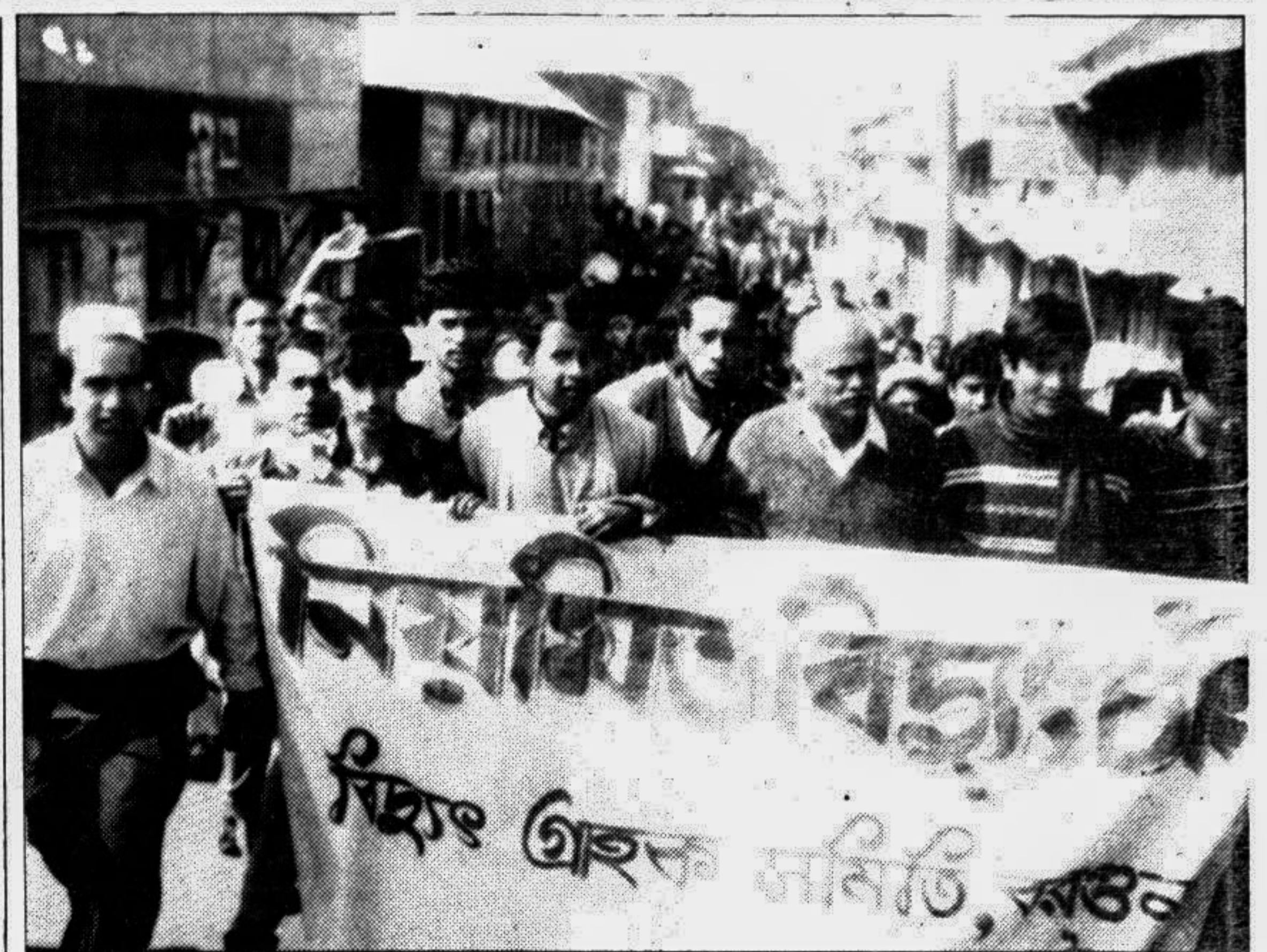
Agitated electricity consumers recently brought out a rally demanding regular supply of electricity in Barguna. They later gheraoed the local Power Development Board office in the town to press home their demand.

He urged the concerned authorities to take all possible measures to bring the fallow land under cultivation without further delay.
--
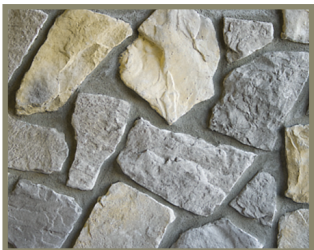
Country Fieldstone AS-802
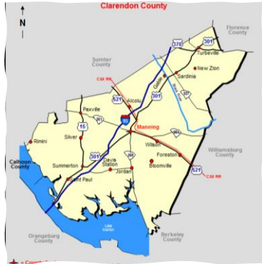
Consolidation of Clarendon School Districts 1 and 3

▶ _REQUIRED WORK_
For this exercise, output exactly the lines above from the line with "Agitated electricity consumers" to the line with "He urged the", counting both, and leave out the rest.

▶ _OUTPUT OF THE EXERCISE_
Agitated electricity consumers recently brought out a rally demanding regular supply of electricity in Barguna. They later gheraoed the local Power Development Board office in the town to press home their demand.

He urged the concerned authorities to take all possible measures to bring the fallow land under cultivation without further delay.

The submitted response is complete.